A hundred years ago Teahouses, initially encouraged by the temperance movement, were more widespread in Glasgow than anywhere else in the UK. This prompted the following from James Hamilton Muir (a composite pseudonym) in "Glasgow in 1901"
"Glasgow is a very Tokio for tea-rooms. Nowhere are such places more popular and frequented"
Even in the feudal Japan of five hundred years ago the need to escape from the busy city and its noise, dirt and stress was acknowledged in the image of the Japanese Teahouse of the Way of Tea as "the mountain dwelling in the city".

The preferred choice was to build a small thatched hut in a corner of their gardens, plant trees and place rocks around it, creating the spirit of a retreat without abandoning city life.A good place to hide yourself
When depressed even in the mountains,
The hut under the pine tree
In the middle of the capital.
Sôchô (1448-1532)
In this small space the microcosmic hospitality of the Way of Tea (erroneously known as the Tea Ceremony) was shared by like-minded people.

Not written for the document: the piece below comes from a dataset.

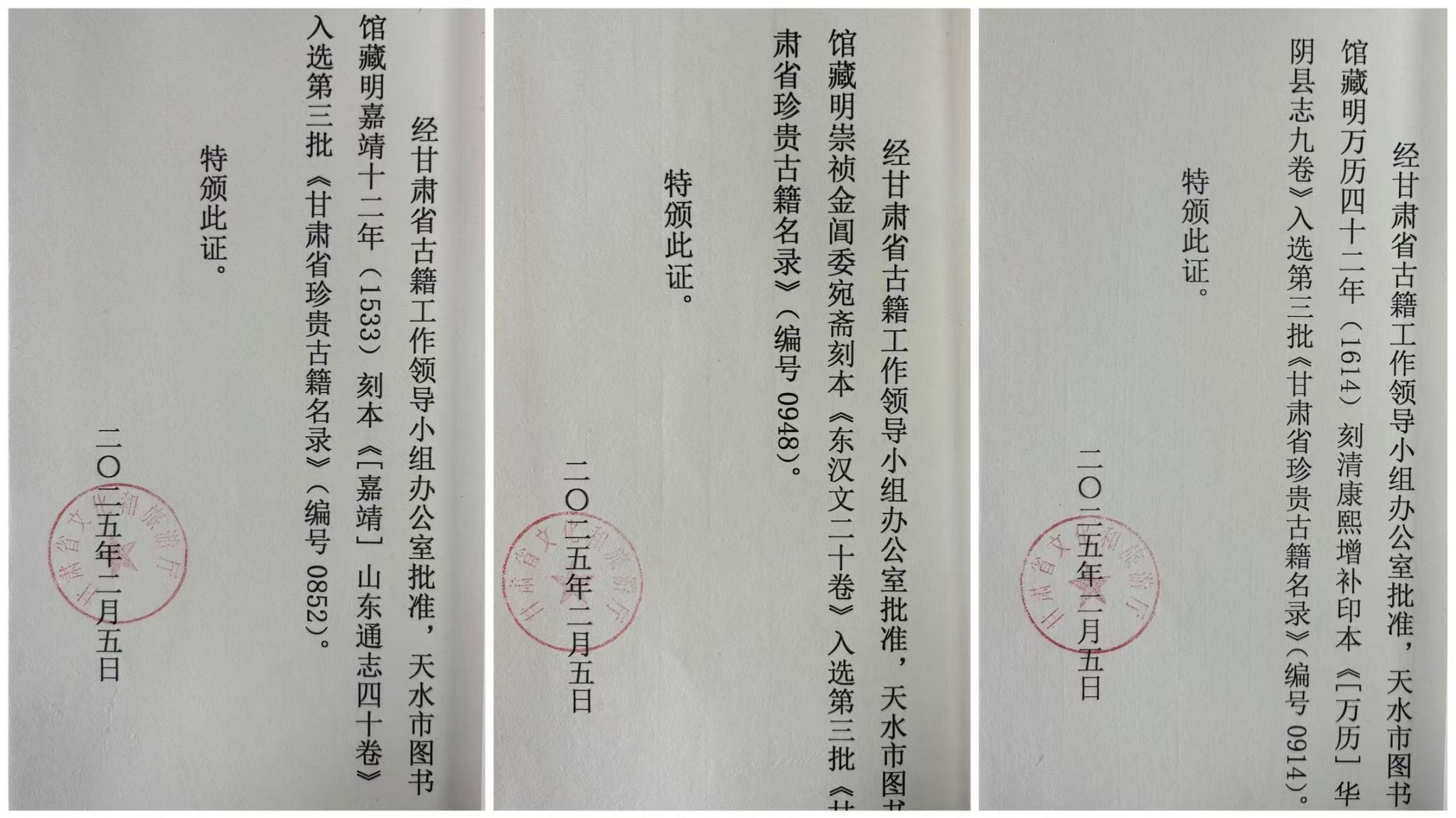 “斯文在兹,典籍为证。”本次入选的5部古籍版本特色鲜明,具有较高的历史文献与学术价值。它们的成功入选,不仅丰富了天水的文化宝藏,也为学界提供了重要的研究资料。此次入选,标志着我馆在古籍保护、整理与研究工作方面取得了又一实质性进展。至此,天水市图书馆入选甘肃省珍贵古籍名录的馆藏古籍已达32部,其中5部入选了国家珍贵古籍名录。这些历经岁月沧桑的文献,是中华文明绵延不断的重要实物见证,也是天水深厚历史文化底蕴的生动体现。

Today, when cities are larger than then imaginable, the need for quietude, a place of escape from the busy, noisy and dirty urban environment is even more essential.
The four tea rooms designed by Mackintosh for Kate Cranston were places to absent oneself from the hurly-burly of the city and find physical and aesthetic refreshment. She and he shared a vision of integrating art and daily life, democratically available to all. The necessarily commercial enterprise of selling seats and tea became, heightened by their sense of appropriate yet fanciful aesthetics and attention to detail, a form of art. Although ornate, the earlier curves giving way to severe rectlinearity, Mackintosh's interiors provide simple backgrounds, generally monochrome, for the social interaction they contained. Although only one of Mackintosh's remains in the business of serving tea, its appeal is so great that a functioning reproduction of it exists.

In "A Tea House For The City" the visitor will find the teahouse contextualised for the City of Glasgow, experience a multisensory path to the tearoom, and be presented with two approaches to the question at the head of this release:
What kind of space can offer relief from
the stress and speed of a modern urban environment?

By linking this question to Japanese Tea Ritual's quiet and detailed hospitality, Richards and Fraser offer two proposals. One is a tearoom of classical form but modern interpretation in materials and light. The other is a space equipped for a form of tea procedure devised in the last century to introduce the Way of Tea to foreigners unable or unwilling to sit on the floor. The utensils are the work of artist/designer/makers living near or within the borders of Scotland.

They are:
Phil Brown woodturning
Tim Chalk design for casting
Nichola Fletcher silversmith & designer
Ian Hird ceramics
David Kaplan glass blowing
Jacky Parry paper
Gordon Lochhead bronze
Audrey Melville papier-mâché
Annica Sandstrom fused glass
Tim Stead. wood
Others may be added to this list.
The exhibiting of these works in London next year is under negotiation with Flow gallery.

Finally in homage to Mackintosh and to emphasise that the Way of Tea is a living tradition the exhibition will end with the sight of a living, growing teahouse in willow by Lee Dalby who completes the circle by saying that "Willow is the British bamboo."

There will be two small publications accompanying the exhibition as well as a number of events.